Najla Al-Sonboli and Nasher Al-Aghbari

portrait of Najla Al-Sonboli and Nasher Al-Aghbari

“I had the chance to fly out of Yemen as many did, but I wanted to stay and help my people.” With those words, Prof. Najla Al-Sonboli captures the commitment she and her husband, Dr. Nasher Al-Aghbari, have shown throughout more than a decade of conflict. As paediatricians, professors, and hospital leaders in Sana’a, they have chosen to remain at their posts, often without pay, determined to ensure children continue to receive care.

In one of the world’s most challenging humanitarian crises, Najla and Nasher have become anchors for their patients and colleagues. They have led hospital teams through bombardments and epidemics, expanded paediatric services in under-resourced facilities, and inspired exhausted staff to keep showing up. Their example has sustained a generation of Yemeni health workers during years of hardship.

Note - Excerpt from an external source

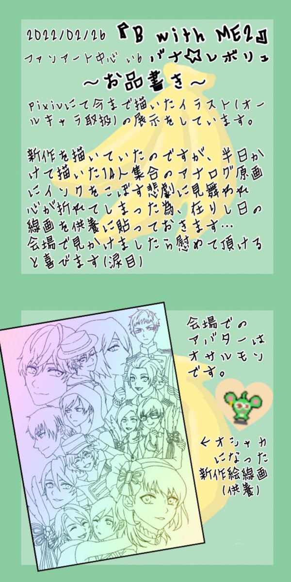 #BwM0226 #BwM2お品書き 用意してた新作が駄目になってしまって心が折れてしまいました… 見る専に徹して皆さんの作品で癒されようと思います🥲 過去絵しかないですが前回のオンリーから少しは数増えてるので宜しければ覗いていって下さい🙇♀️ twitter.com/0ukyou0/status…
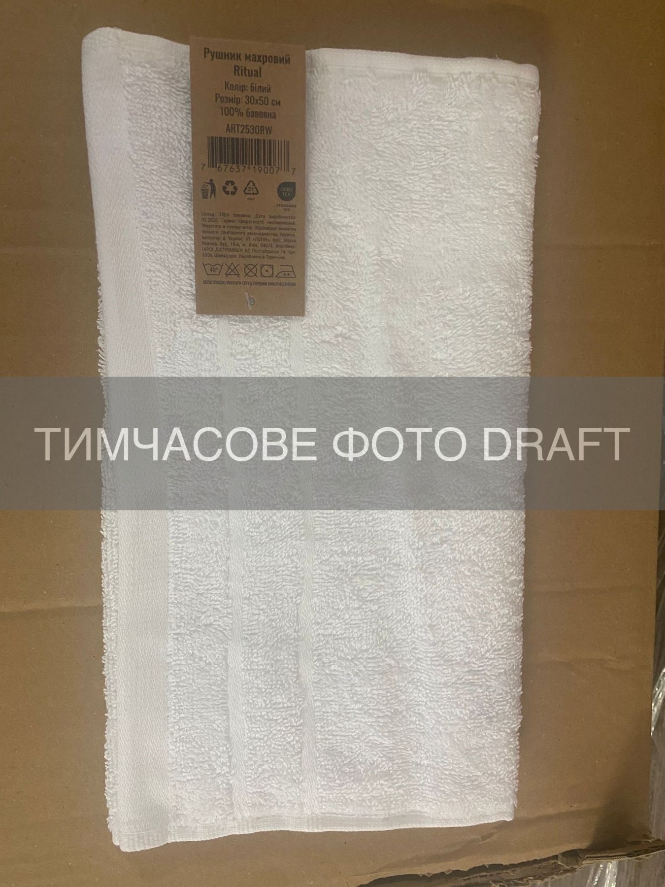 Рушник махровий ARDESTO Ritual 30х50см, 100% бавовна, білий

Both trained at the Liverpool School of Tropical Medicine, the couple returned to Yemen with advanced degrees in paediatrics and a shared conviction that health is a human right. That conviction has guided their leadership across multiple hospitals. Najla, Professor of Paediatrics at Sana’a University, previously led paediatrics at Al-Sabeen Hospital for Women and Children and was recently appointed Head of Paediatrics at Al-Kuwait University Hospital. In 2024–25, she and her team established the hospital’s first Paediatric Intensive Care Unit, a therapeutic feeding centre for malnutrition, and expanded infectious disease and surgical services.

Nasher, Associate Professor at Sana’a University and longtime Head of the Paediatric Emergency Department at Al-Thawra General Modern Teaching Hospital, now also leads paediatrics at Al-Jomhori Teaching Hospital. A frontline clinician and researcher, he was among the earliest to respond to cholera cases in Sana’a and continues to study how health workers endure and adapt in conflict, while publishing widely on access to tuberculosis diagnosis and immunization.

Beyond the hospital walls, the couple has nurtured a global solidarity network - most notably through collaborators in Liverpool and the grassroots charity Habibti - mobilizing supplies, expertise, and moral support. Their commitment has earned international recognition: Najla was named a “Heroine for Health” at the World Health Assembly in 2018, received an honorary degree from Liverpool in 2019, and delivered the school’s Leverhulme Lecture in 2024.

Embodying Paul Farmer’s “audacity of accompaniment,” Najla and Nasher pair scientific rigor with everyday acts of care - securing food, clothing, and dignity for patients and staff alike. Their shared leadership continues to expand paediatric capacity, model gender-equitable staffing, and inspire Yemeni health workers to keep showing up, even in the hardest times.